Your posts could damage the legitimacy this whole program in the eyes of the IIU students and faculty.  I know for a fact that Junaid Ahmad tried hard to manage the situation for you here in Islamabad as best he could.  But nothing Third World is good enough for the great As’ad AbuKhalil!  How any character with leftist or progressive pretensions can speak of what essentially amounts to the “backwardness” of Pakistani society in a manner comparable to the worst of the neo-cons is beyond me (“I Am in Dubai Airport on Way to . . . Istanbul,” Angry Arab News Service, 7 July 2007).

You ramble about the advice given to you before your visit by a comrade (Junaid) — who it now turns out was rather mistaken in viewing you as such — about what of your ideas you should preferably not highlight that was simply intended as such.  Wherever I go, I identify some of the local activists and ask for advice on how to approach my audience.  It is something that I learned in my days in the trenches of the struggle against the apartheid — accountability and comradeship.  And no, it is not synonymous with Stalinism, but instead simply understanding that there is something more to our struggles than blowing off steam and ego trips.  If I do not like the advice offered by my hosts, particularly if it is offered months ahead of my visit, then I would simply call off the trip.  Why go along with the supposed comradely advice for months and wait until you have collected the reimbursement of your business-class ticket to another exotic Third World destination and your honorarium?  And as soon as you get into your $145-for-five-hours hotel you rant about how your style was cramped (“My $145 Shower,” Angry Arab News Service, 8 July 2007)?

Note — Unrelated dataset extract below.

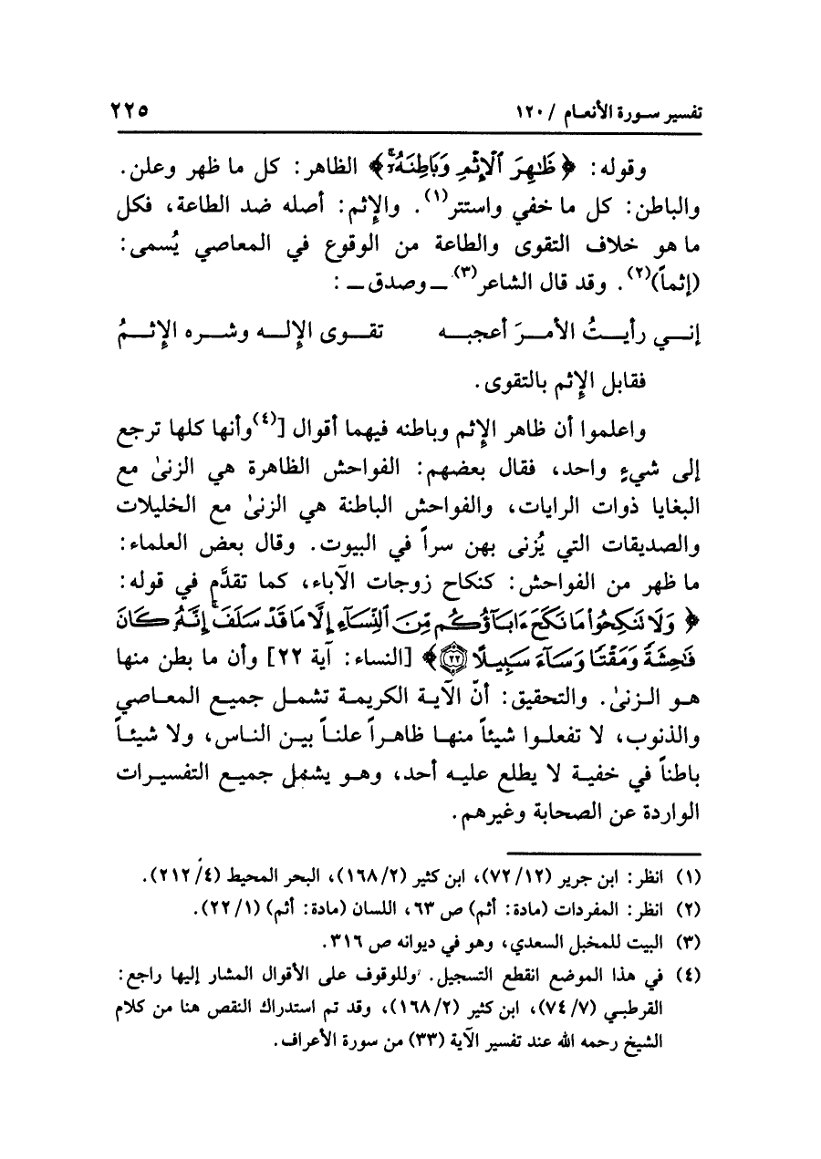 وقولُه: {ظَاهِرَ الإِثْمِ وَبَاطِنَهُ} الظاهرُ: كُلُّ ما ظَهَرَ وعلن. والباطنُ: كُلُّ ما خَفِيَ وَاسْتَتَرَ (¬١). والإثمُ: أصلُه ضدُّ الطاعةِ، فكلُّ ما هو خلافُ التقوى والطاعةِ من الوقوعِ في المعاصِي يُسَمَّى: (إثمًا) (¬٢). وقد قال الشاعرُ - وَصَدَقَ (¬٣) -:

Ah, the great jetsetter visits the Third World and becomes even more illustrious as he pisses on his own people.

At the end of the day, you have to decide whether you want to be a Christopher Hitchens/Irshad Manji lone ranger who just wants to be a contrarian for contrarianism’s sake, or whether you want to have some purpose, some accountability to real people in real movements that you say you support.  If you want to be contrarian, then that’s fine too, but you should choose your battles and not piss in the containers that feed you.  Activists like Junaid are in the vanguard of actual struggle involving real people and real institutions — however inadequate these may be — who provide intellectuals like you and me some space to speak to our people, “our” people as being not citizens of the Empire but its victims.

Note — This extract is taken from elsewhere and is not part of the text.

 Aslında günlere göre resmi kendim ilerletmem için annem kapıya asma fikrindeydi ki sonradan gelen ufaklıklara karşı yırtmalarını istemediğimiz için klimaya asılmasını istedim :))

As’ad, my brother, we who, for many reasons, have “made it to” and “made it in” the world of power need to reflect a bit more on the supposed backwardness of the “Third World.”  People here die of undereating because some of us who have made it to the “First World” die of overeating.  There is a connection here.  Let us not piss on people who pay the price for our comforts and for our “development.”  They are our people.

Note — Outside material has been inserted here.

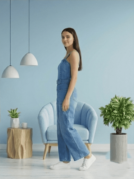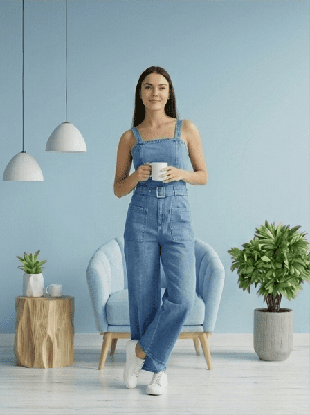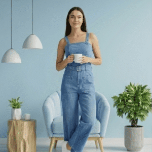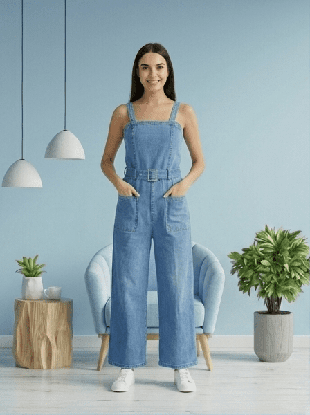 Elevate your everyday style with this Women’s Premium Denim Sleeveless Jumpsuit, designed for comfort, versatility, and modern elegance. Crafted from soft, breathable denim, this jumpsuit features a straight neckline, adjustable shoulder straps, and a stylish denim belt that enhances the waistline for a flattering silhouette.

Farid Esack Farid Esack, a visiting professor at Harvard Divinity School, is the author of Qur’an, Liberation and Pluralism: An Islamic Perspective of Interreligious Solidarity against Oppression and On Being a Muslim: Finding a Religious Path in the World Today.  A former national commissioner on gender equality appointed by President Nelson Mandela, Esack was active in the struggle against apartheid in the United Democratic Front and the Call of Islam.  His current major field of research and activism is the response of Islam to AIDS; he founded Positive Muslims, an organization working with Muslims who are HIV positive in South Africa.